Salle 5 : A Voice in the Desert, 2002
Troisième partie de l’installation vidéo From the Other Side (2002) ; projection unique, couleur, son, 52 min, en boucle ; réalisation : Chantal Akerman ; montage et conception spatiale : Claire Atherton. Courtesy : Fondation Chantal Akerman et Marian Goodman Gallery
L’installation A Voice in the Desert a été tournée dans le désert d’Arizona, entre deux montagnes situées de part et d’autre de la frontière avec le Mexique. Dans ce couloir que les migrants traqués sont contraints d’emprunter pour entrer aux ÉtatsUnis, un écran a été planté, sur lequel est projetée la dernière séquence du film De l’autre côté, qui aborde leur situation. Chantal Akerman y raconte en voix off, sur le plan d’une autoroute défilant vers Los Angeles, l’histoire d’une immigrée mexicaine, alternativement en espagnol et en anglais.

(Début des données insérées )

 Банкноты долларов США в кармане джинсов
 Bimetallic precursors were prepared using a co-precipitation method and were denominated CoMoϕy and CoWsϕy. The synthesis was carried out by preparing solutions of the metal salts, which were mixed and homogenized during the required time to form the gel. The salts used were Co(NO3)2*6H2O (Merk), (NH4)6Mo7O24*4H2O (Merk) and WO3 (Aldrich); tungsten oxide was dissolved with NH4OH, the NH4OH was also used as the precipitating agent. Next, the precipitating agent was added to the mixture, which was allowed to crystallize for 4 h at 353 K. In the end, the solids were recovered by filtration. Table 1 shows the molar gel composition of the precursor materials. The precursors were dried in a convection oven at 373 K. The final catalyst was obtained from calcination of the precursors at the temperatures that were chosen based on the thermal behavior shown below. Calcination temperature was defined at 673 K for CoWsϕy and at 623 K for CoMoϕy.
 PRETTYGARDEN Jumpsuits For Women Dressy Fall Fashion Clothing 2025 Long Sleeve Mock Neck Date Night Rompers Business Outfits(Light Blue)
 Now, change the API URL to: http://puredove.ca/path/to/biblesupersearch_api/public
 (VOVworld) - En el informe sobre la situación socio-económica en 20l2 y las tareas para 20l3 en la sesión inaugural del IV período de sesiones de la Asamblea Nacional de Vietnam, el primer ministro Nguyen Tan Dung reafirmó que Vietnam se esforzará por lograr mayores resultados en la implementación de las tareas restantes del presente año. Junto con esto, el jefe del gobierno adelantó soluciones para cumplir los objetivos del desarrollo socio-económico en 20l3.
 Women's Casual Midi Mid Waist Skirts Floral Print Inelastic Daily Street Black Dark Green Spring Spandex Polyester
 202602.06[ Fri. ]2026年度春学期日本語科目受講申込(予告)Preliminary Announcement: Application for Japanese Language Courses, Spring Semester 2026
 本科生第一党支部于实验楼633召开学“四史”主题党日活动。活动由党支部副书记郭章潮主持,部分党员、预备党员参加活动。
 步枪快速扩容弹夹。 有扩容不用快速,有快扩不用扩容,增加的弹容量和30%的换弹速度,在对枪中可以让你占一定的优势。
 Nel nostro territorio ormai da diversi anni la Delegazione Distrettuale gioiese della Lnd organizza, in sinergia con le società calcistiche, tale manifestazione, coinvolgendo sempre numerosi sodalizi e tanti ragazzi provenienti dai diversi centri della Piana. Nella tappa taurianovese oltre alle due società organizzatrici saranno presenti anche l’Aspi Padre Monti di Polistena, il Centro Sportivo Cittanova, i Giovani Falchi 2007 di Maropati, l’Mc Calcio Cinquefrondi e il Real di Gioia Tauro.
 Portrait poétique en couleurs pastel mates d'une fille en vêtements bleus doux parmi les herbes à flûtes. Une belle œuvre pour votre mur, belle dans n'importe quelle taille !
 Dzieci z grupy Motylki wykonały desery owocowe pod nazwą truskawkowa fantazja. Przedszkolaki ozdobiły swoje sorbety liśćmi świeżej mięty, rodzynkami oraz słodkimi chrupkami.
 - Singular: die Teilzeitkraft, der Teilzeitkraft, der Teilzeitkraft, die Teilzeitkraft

Ces images ont été montrées pour la première fois en 2002 à la Documenta 11 de Cassel dirigée par Okwui Enwezor, dans la troisième et dernière salle de l’installation From the Other Side conçue pour la circonstance, où elles étaient diffusées en direct depuis l’Arizona. Elles ont été remontées quelques mois plus tard pour composer A Voice in the Desert. "C’est avec l’installation de la Documenta que je me suis prise au jeu de l’art. Pour la première fois, j’ai eu l’idée de l’installation avant le film. Je voulais mettre un écran à la zone frontière du Mexique et des États-Unis, y projeter une partie du film, et le refilmer dans cet espace, son espace authentique. Cette troisième partie de mon installation est née avant tout le reste." ("Akerman sans frontières", propos recueillis par Élisabeth Lebovici, Libération, 26 juin 2002, p. II.)

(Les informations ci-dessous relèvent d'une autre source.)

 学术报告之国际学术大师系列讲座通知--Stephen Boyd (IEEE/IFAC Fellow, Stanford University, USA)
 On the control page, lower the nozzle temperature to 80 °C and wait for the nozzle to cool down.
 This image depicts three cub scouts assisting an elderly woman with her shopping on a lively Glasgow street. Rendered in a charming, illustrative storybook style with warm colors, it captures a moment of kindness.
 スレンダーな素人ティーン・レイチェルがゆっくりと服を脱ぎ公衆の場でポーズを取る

Salle 5 : Selfportrait/Autobiography: A Work in Progress, 1998
Installation vidéo créée à partir de l’installation D’Est, au bord de la fiction (1995), des films Jeanne Dielman, 23 quai du Commerce, 1080 Bruxelles (1975), Hotel Monterey (1972), Toute une nuit (1981-1982) et du livre Une famille à Bruxelles (1998) ; 6 moniteurs, couleur, son, version française : 1h49 min ; version anglaise: 1h30 min ; réalisation: Chantal Akerman ; montage et spatialisation des images et des sons: Claire Atherton. Courtesy: Fondation Chantal Akerman et Marian Goodman Gallery
«J’aimerais réaliser une installation à partir de l’idée de l’autobiographieautoportrait […]. Idée tant travaillée […] dans la photographie, moins au cinéma, encore moins je crois à travers l’installation. Pourtant l’installation, avec souvent une multiplication d’images et de son pris dans un même lieu et dans un même temps, dans une sorte de “concussion” de l’espacetemps avec toutes ces résonances ou ces accrochages qui s’opèrent, me semble être une forme à la fois terriblement adéquate et excitante pour explorer une fois de plus l’autoportrait-autobiographie. On se retrouve alors pris dans une telle multiplication de sens possibles qu’on n’est plus certain de rien. De là, à la fois trouble et jouissance, tangage, sol qui se dérobe, et ce sol qui se dérobe sous nous ne nous fait-il pas toucher du doigt la notion d’autobiographie elle-même ?" (Chantal Akerman. "Autobiographie — Autoportrait", note d’intention, 1997-1998, in Chantal Akerman. Œuvre écrite et parlée, 1968-2015, op. cit., p. 836)
Cette installation a été conçue au Carpenter Center for the Visual Arts de l’université Harvard à Cambridge (Massachusetts), où elle a été présentée pour la première fois.